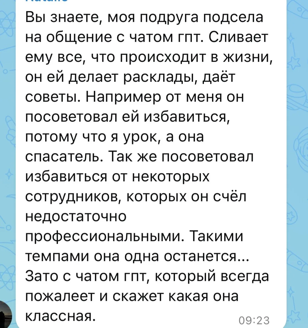 Он будет кивать, задавать правильные вопросы и запоминать все детали вашей жизни. Наш мозг устроен примитивно…если нам кивают и сочувствуют, мы вырабатываем окситоцин. Мы чувствуем себя хорошо, но это капец какая ловушка.
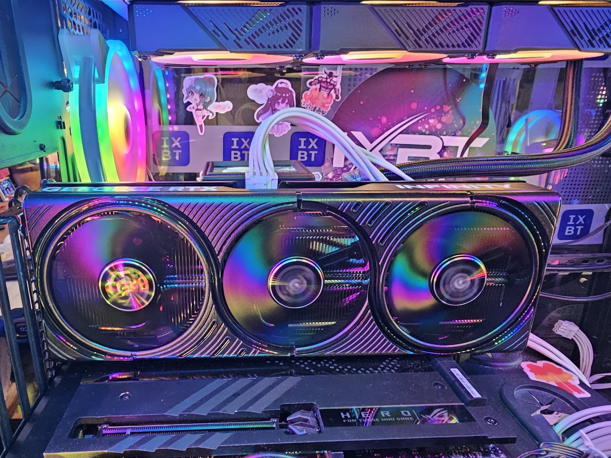 Карта имеет стандартный набор видеовыходов: три DP 2.1b и один HDMI 2.1b.
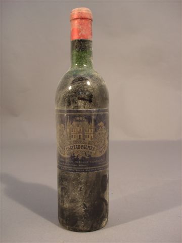 CHÂTEAU PALMER. 3ème Grand Cru classé Margaux, 1962. 1 bouteille moyennement basse. Étiquette sale.
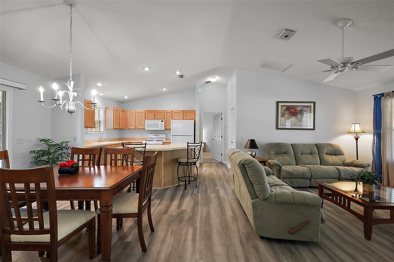 Fantástico e turnkey 3/2 Amarillo com Lanai fechado em um grande lote de canto, com lindos paisagismo maduro, a poucos minutos para o Lake Sumter Landing e todas as conveniências da estrada do condado 466 na altamente procurada vila de Lynnhaven !!! Ao se aproximar desta linda casa, você será recebido por uma varanda encantadora e um espaçoso pátio de pavimentação perfeito para desfrutar do bom clima da Flórida, garantindo amplo espaço ao ar livre para entretenimento! Entre pela elegante porta de vidro com chumbo e descubra uma espetacular piso de conceito aberto que possui tetos abobadados e lindo piso de tábua de vinil de luxo. Da sala de jantar, as portas de vidro deslizantes se abrem para o Lanai fechado, com pisos de azulejos elegantes e um pátio de grelhar ao ar livre adjacente - perfeito para hospedar amigos e familiares! A incrível cozinha possui tons neutros, armários de bordo lindos com prateleiras de tração, alcance de gás e uma ilha central de tamanho generoso com assentos de contra-altura. O quarto principal oferece um grande closet e um banheiro elegante e elegante, com adoráveis armários de bordo, chuveiro e armário de linho. Projetado para privacidade, a planta baixa cria uma asa de hóspedes separada com dois quartos adicionais, cada um com armários embutidos. O quarto traseiro também oferece uma porta que fornece aos hóspedes fácil acesso ao lanai fechado. O segundo banheiro é cuidadosamente designado com armários de bordo, uma combinação conveniente de banheira e chuveiro, armário de linho e armário de linho adicional para armazenamento adicional. Uma lavanderia interior com armários adicionais fornece funcionalidade e conveniência. Diretamente da lavanderia, você encontrará uma espaçosa garagem de dois carros, oferecendo uma pia de utilidade, armários de armazenamento e prateleiras e um acesso do sótão com escadas. Não perca a oportunidade de tornar este próprio lar incrível !!! A vila de Lynnhaven está convenientemente localizada a poucos minutos do Lake Sumter Landing e 466 com uma abundância de lojas (incluindo o novo Costco, restaurantes, bancos, médico e muito mais! Perto do campo de golfe executivo de Churchill Greens, Palmer Legends Country Club; Centros de Recreação Pimlico e Churchill; várias piscinas, golfe e bola de picles; Por favor, assista ao nosso vídeo a passo a passo desta incrível casa em casa e ligue hoje para agendar sua exibição particular ou turnê virtual!
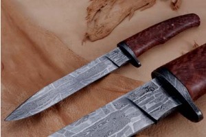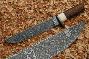 For using blades, John hardens ATS34, 440C, and 52100 to between a 58-59 Rockwell. He hardens 1084 and 15N20 Damascus to between 56 and 58 Rockwell, depending on the blade.
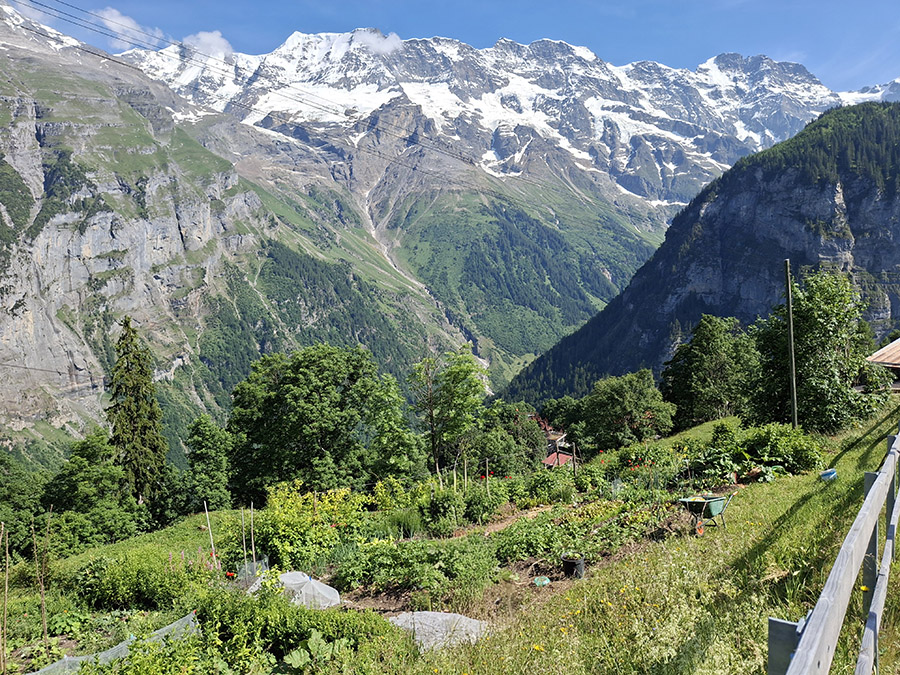 W dolinie Lauterbrunnen zostawiamy samochód na parkingu i ze stacji Stechelbarg wjeżdżamy prawdopodobnie najbardziej stromą kolejką linową na świecie do alpejskiej wioski Murren. Stamtąd schodzimy do innej wioski: Gimmelwald. To są właśnie widoki w Szwajcarii na jakie liczyliśmy.
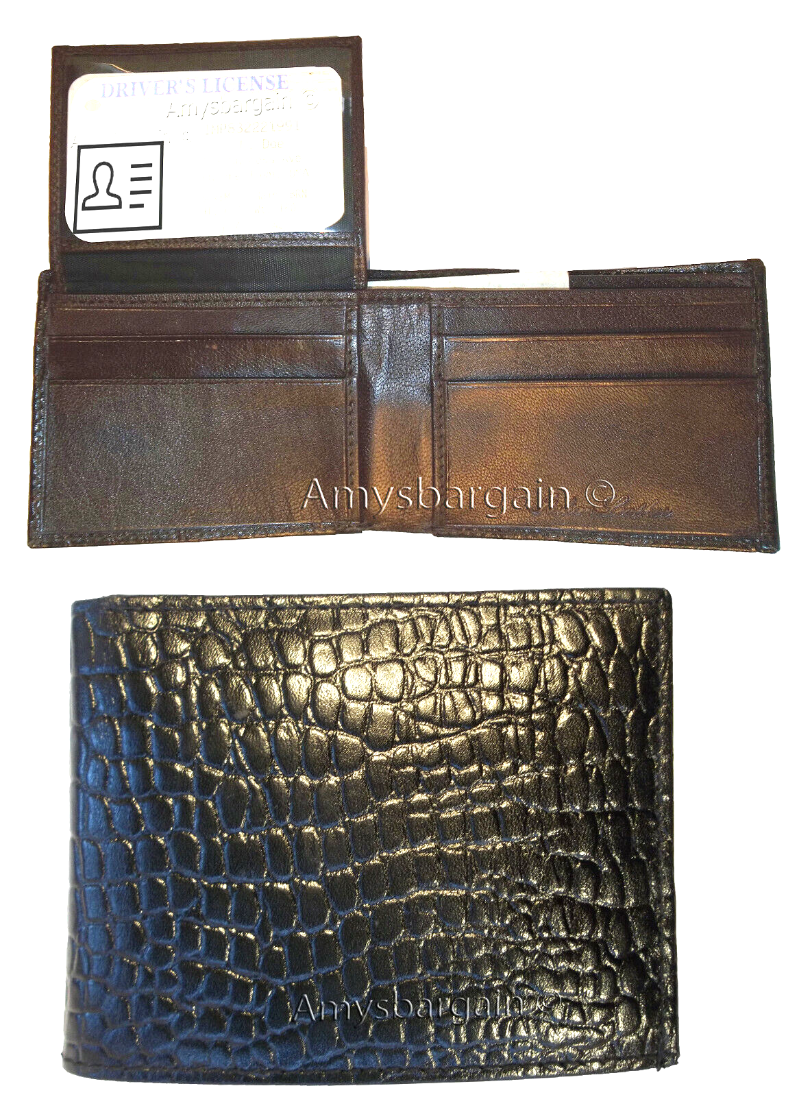 Description:This is a very stylish crocodile skin printed leather mans wallet with an easy-in-out ID case. It has 2 billfolds and 6 card slots. This wallet would make a great gift for that special someone that has it all, or treat your selves to its qualities.It has an easy in-and-out ID window, 6 card spaces and 2 lined bill fold pockets.Item Details:
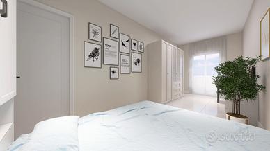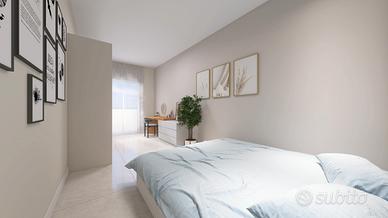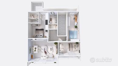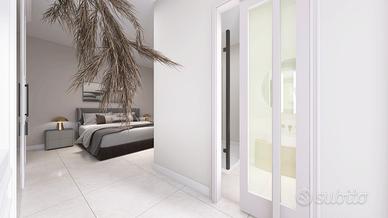 L'appartamento presenta una luminosa zona giorno con angolo cottura a vista e con sfogo tramite porta finestra sulla prima balconata della casa. Dal disimpegno, raggiungiamo le tre camere da letto, tutte matrimoniali, di cui una con bagno padronale e il bagno principale dotato di ampio piatto doccia.
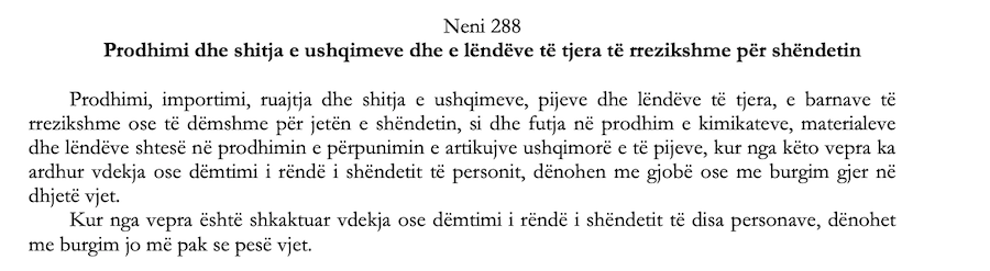 Mirëpo detyrim i saj ligjor, është ta gjobisë jo simbolikisht me 1 milionë të vjetra, por sipas ligjit me 30-50 milionë lekë; dhe t’i bllokojë përgjithnjë aktivitetin kësaj firme e ta kallëzojë penalisht, për krim ushqimor sipas neneve 288 dhe 288/C të Kodit Penal.
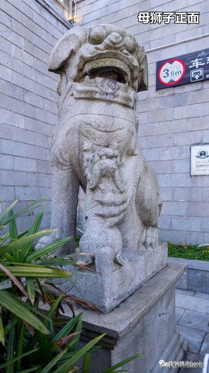 狮子带基座高3米,公狮子在玩球,母狮子在玩崽,这对石狮子原本在湖南贡院的辕门门口,湖南贡院你可以简单理解为清代湖南高考的场所,湖南贡院正门就在现在中山路老三角花园里面,所以这一对石狮子在三角花园待到了1998。
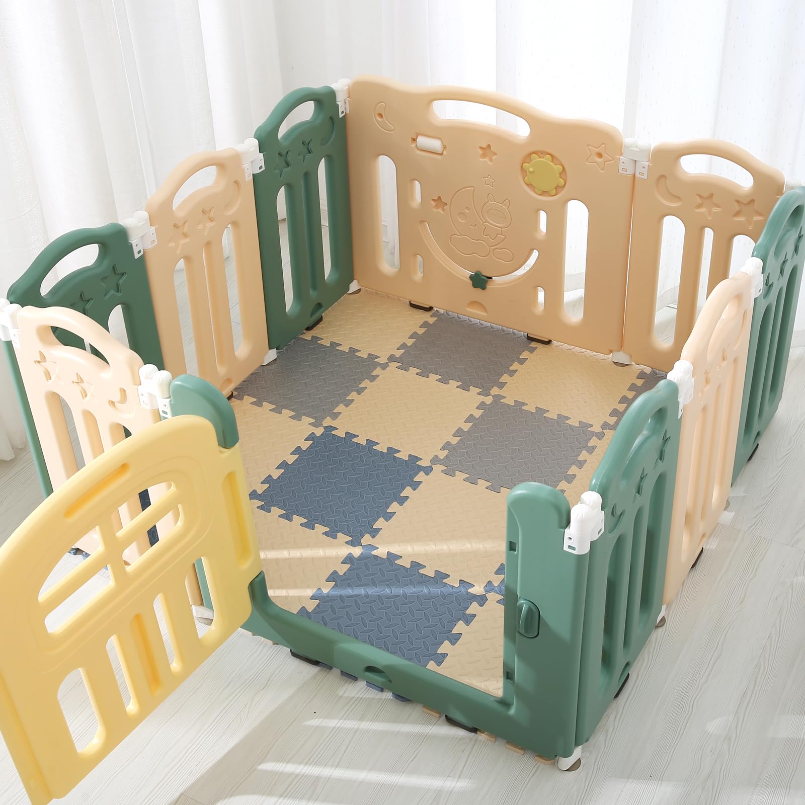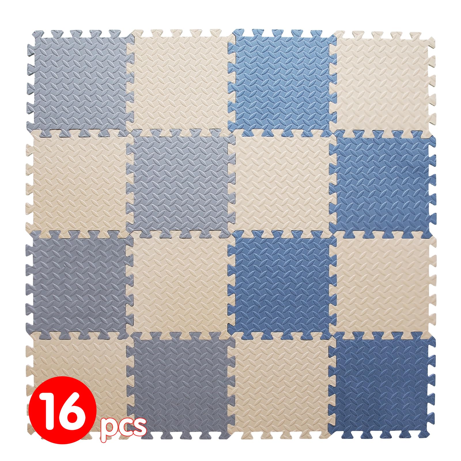 16 Tiles Square Play Mat --- The size of each square tile is 1 sq.ft.(11.81*11.81*0.4 Inch), and the total coverage area is 16 sq.ft. (4' x 4'area) | 0.4 Inch Thicked Foam Play Mat --- Using high-density EVA foam support, 0.4 inch thick baby crawl mat brings good cushioning performance, comfortably cushions spine, hips, knees and elbows on hard floors | Safe material, Anti-Slip, Anti-Bending, Easy Assemble --- The foam play mat is made of safe material, tested free of lead, bpa's and Phthalate; The surface with leaf texture, double-sided non-slip; clean with damp cloth & mild soap; light weight, very easy to assemble | 3 Colors Assembled Randomly --- The foam floor mats comes with 3 colors, which can be randomly spliced, there are a variety of splicing patterns. Helps to improve the child
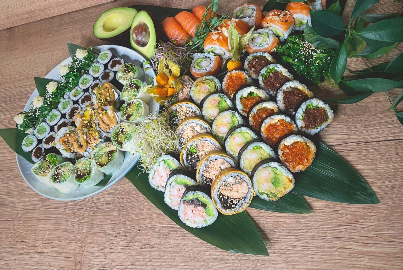 ft. z pieczonym na słodko łososiem, ft. z gotowaną krewetką, ft. z łososiem i awokado, kab. z opalanym łososiem i kalmarem w tempurze, p.r. z warzywami, ur. z tatarem z łososia, ur. z tatarem z tuńczyka, ur. z okoniem
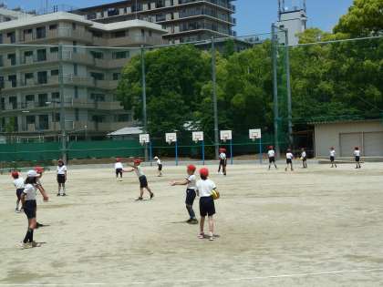 4年生の体育でラグビーボールを投げて受ける学習をしていました。
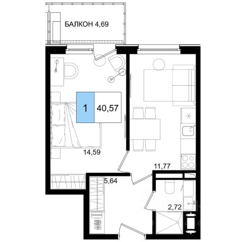 Литер 9.1, 3 этаж, 20. -------------------- Продажа квартира в новостройке, Краснодарский край, муниципальный округ Анапа, хутор Нижняя Гостагайка, улица Николая Лебедева --------------------
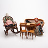 Bruks- och åldersrelaterat slitage. 1 sko saknas dockan. Rotting med slitage.
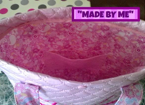 Esta forrada con tela en el interior, y con un practico bolsillo dentro en tela rosa lisa, para encontrarlo facilmente.
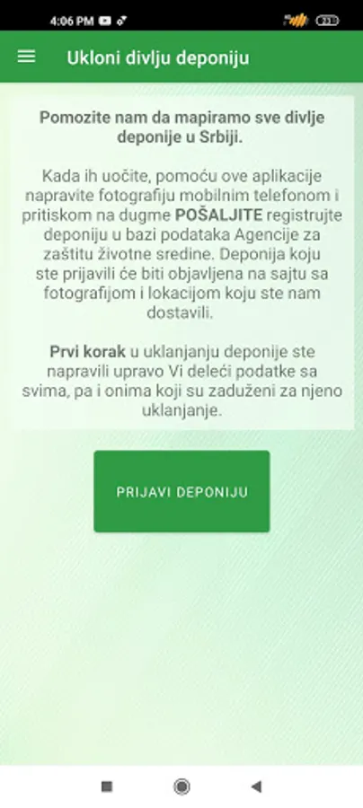 Report a wild dump and help remove it. Your move changes everything. Let's clean nature parks, forests, rivers, lakes, mountains and protected natural assets in Serbia from piles of waste. This waste causes air, water and soil pollution. Endangers health and the environment. It affects the quality of life and causes a downward trend in real estate values. Help us change that by painting, describing and mapping the illegal landfill.
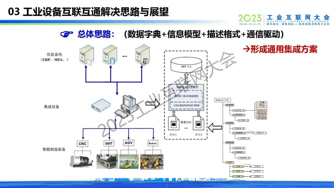 王麟琨表示,現場設備互聯互通是實施智能制造、工業互聯網的基礎,互聯互通包含語義數據互聯互通,是提升工業數據利用率的關鍵。工業設備互聯互通解決思路是數據字典+信息模型+描述格式+通信驅動,從而形成通用集成方案。
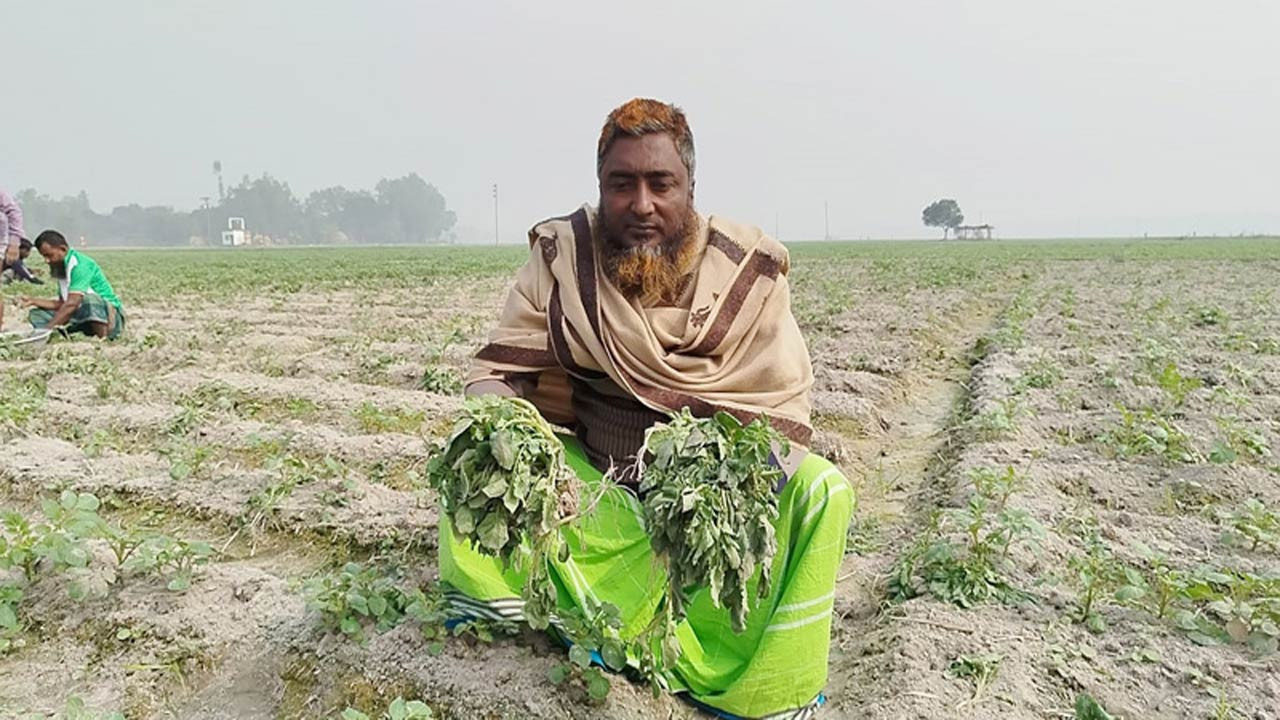 বগুড়ার শেরপুরে ৩ বিঘা জমির আলুর গাছ উপড়ে ফেলেছে দুর্বৃত্তরা
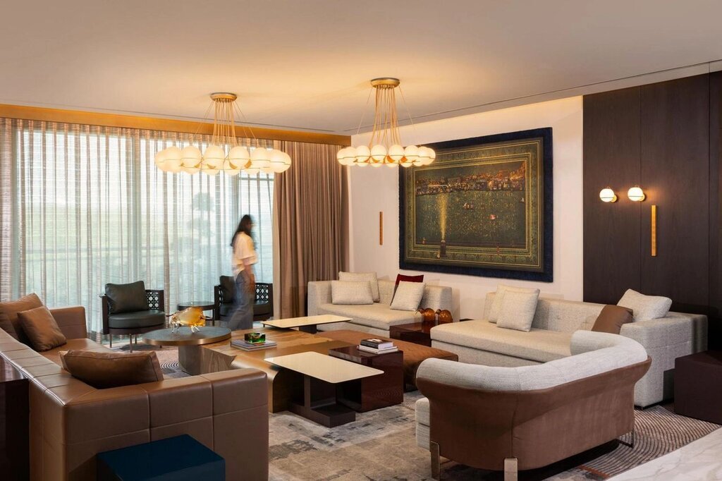 In the private quarters, the design team skillfully addresses the diverse needs of the family. Three distinct bedrooms reflect the younger generation’s personalities, while the parents’ suite embraces comfort and understated luxury. Each room is a carefully crafted blend of materials, from suede upholstery to textured stone, creating a harmonious balance between style and function.

________________________

#### [Task statement]
Give again exactly the lines running from the beginning of the material above through the line that contains "CHÂTEAU PALMER. 3ème", and leave out every picture.

#### [Task response]
 Он будет кивать, задавать правильные вопросы и запоминать все детали вашей жизни. Наш мозг устроен примитивно…если нам кивают и сочувствуют, мы вырабатываем окситоцин. Мы чувствуем себя хорошо, но это капец какая ловушка.
 Карта имеет стандартный набор видеовыходов: три DP 2.1b и один HDMI 2.1b.
 CHÂTEAU PALMER. 3ème Grand Cru classé Margaux, 1962. 1 bouteille moyennement basse. Étiquette sale.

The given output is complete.